Une »seconde » opération de régularisation des migrants en situation irrégulière a débuté au Maroc. L’opération, qui concerne des subsahariens, dont beaucoup sont »bloqués » au Maroc à défaut de partir en Europe via les enclaves espagnoles de Ceuta et Melilla, est en quelque sorte une »bravade » du monarque, qui veut montrer sa proximité politique avec le continent noir.
La deuxième opération de régularisation des »sans papiers » au Maroc a débuté après le retour du Roi Mohamed VI d’une tournée africaine. La Commission nationale chargée de la régularisation et de l’intégration des migrants a immédiatement ouvert les bureaux des étrangers chargés de recevoir les demandes de régularisation dès le 15 décembre dernier au niveau de toutes les régions et préfectures. La régularisation sera conduite selon les mêmes conditions exigées lors de la première opération en 2014. »Dans la continuité d’une politique migratoire solidaire et inclusive », estime le ministère de l’Intérieur. Mais, concrètement, il n’y a pas que les subsahariens qui sont concernés par cette régularisation, qui va également profiter aux autres »étrangers », comme les réfugiés syriens ou Irakiens.
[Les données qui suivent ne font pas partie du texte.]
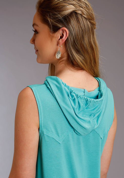 Turquoise Poly Rayon Jersey T-Shirt Dress With Hood * Front Oversized Smile Pockets * 2 Point Back Yoke With Raw Edge * Above The Knee Length
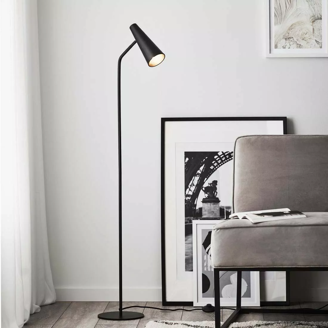 Golvlampan Peak från Markslöjd är en svart golvlampa i metall. Armaturens design är stilfull och enkel vilket gör den attraktiv i sin enkelhet. Placera lampan vid soffan, fåtöljen eller som sänglampa om du inte vill borra i väggen. Peak har en två meters textilkabel och brytaren sitter på kabeln.
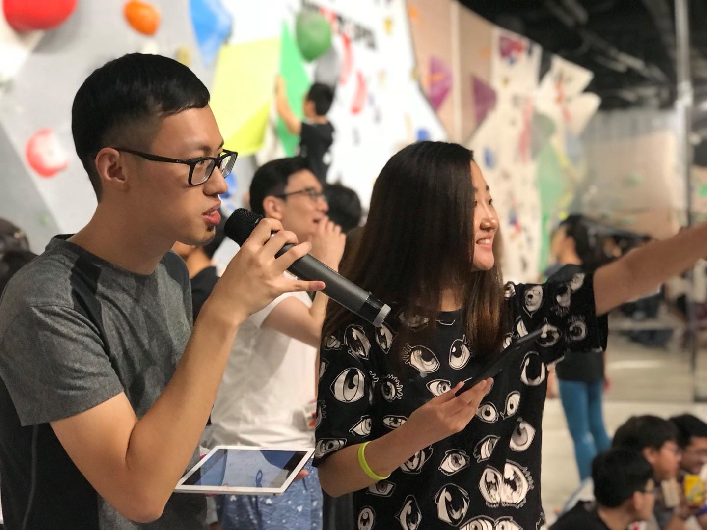 趣味活动现场:主持人蔡世嘉和伍叶(右)
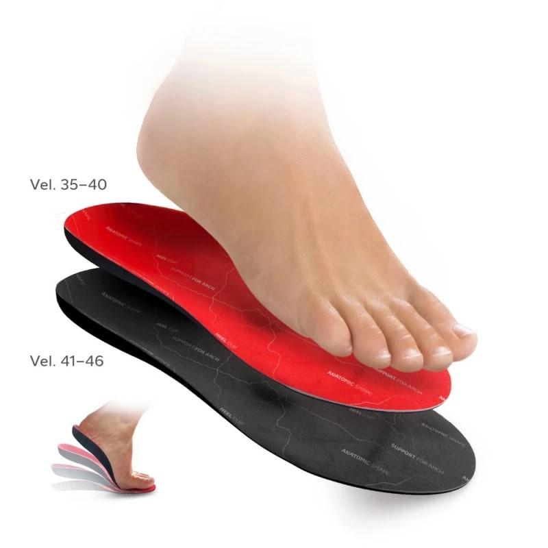 | Instrukce k použití | Nepoužívejte současně s jinou podporou podélné a příčné klenby. / Po použití doporučujeme vložky vyjmout z obuvi a nechat proschnout při pokojové teplotě. Nesmí se prát v pračce. / Používejte správnou velikost. / V případě, že se léčíte s diabetem, konzultujte použití výrobku s lékařem. / Vložky jsou dodávány ve dvojčíslích nebo trojčíslích, velikost lze ve špičce přizpůsobit zastřižením nůžkami. |

Les critères fixés par le ministère marocain de l’Intérieur sont en effet assez sévères: sont donc concernés »les étrangers conjoints de ressortissants marocains, les étrangers conjoints d’autres étrangers en résidence régulière au Maroc, les enfants issus des deux cas susvisés, les étrangers disposant de contrats de travail effectifs, les étrangers justifiant de 5 ans de résidence continue au Maroc et les étrangers atteints de maladies chroniques. » Entre »l’instruction royale » et la note du ministère de l’Intérieur, il y a le fossé de la situation réelle des subsahariens, qui n’ont pas de »papiers », pas de travail régulier et donc qui ne peuvent justifier ni de la présence de »cinq ans de résidence », ni de »contrats de travail effectifs ».
Pas seulement les Subsahariens
Cependant, cette opération va également reprendre les demandes des subsahariens déboutés lors de la première régularisation, et dont les dossiers, non conformes, avaient été rejetés par la commission, qui avait annoncé que “la première phase de cette opération” avait concerné environ vingt-cinq mille personnes. Et, surtout, que cette régularisation avait un »caractère exceptionnel et ne prévoyait pas officiellement de seconde phase », selon des déclarations en février 2015 de l’ex-ministre délégué à l’Intérieur, Charki Draiss. La reconduction de cette opération serait une sorte de »bravade » de Mohamed VI, de retour d’une tournée dans plusieurs pays africains et après avoir posé ses conditions pour une ‘’réintégration’’ à l’Union africaine, notamment l’exclusion de la république Sahraouie de l’Instance africaine. Mais, surtout un »pied de nez » aux autorités algériennes, qui avaient reconduit aux frontières plus d’un millier de subsahariens, début décembre.
Les réserves du GADEM
Cependant, Mehdi Alioua, membre du Groupe Antiraciste d’Accompagnement et de défense des Etrangers et Migrants (GADEM), estime que »la première vague n’a pas été suffisamment accompagnée par une politique d’inclusion ». Il a expliqué à »L’Economiste » que »les raisons sont toujours par manque d’expérience, mais également parce qu’on n’a pas prévu qu’au bout d’un an que les régularisés allaient avoir leur carte périmée! » Au Maroc, les cartes de séjour n’ont une durée de validité que d’une année, renouvelable. Les seuls étrangers qui ont une carte de séjour de dix ans sont les Algériens, établis pour des raisons professionnelles ou familiales au Maroc. D’autre part, Mehdi Alioua estime qu’il n’y a pas d’instance nationale dédiée à ce dossier de prise en charge des migrants, »un Comité à l’intégration où siégeraient les ministères et la société civile’’. En outre, »il n’y a toujours pas de loi sur la migration et l’asile, pas de concertation avec la société civile, pas de loi contre le racisme, un code du travail discriminatoire avec la préférence nationale », a-t-il déploré. Selon le ministère de l’Intérieur, entre 25.000 et 40.000 étrangers »sans papiers » vivent au Maroc, et la plupart ont déjà »mis pied à terre » dans le pays, définitivement résolus à abandonner la poursuite de l’aventure vers l’Eldorado européen, qu’ils soient subsahariens, Syriens, Irakiens ou asiatiques.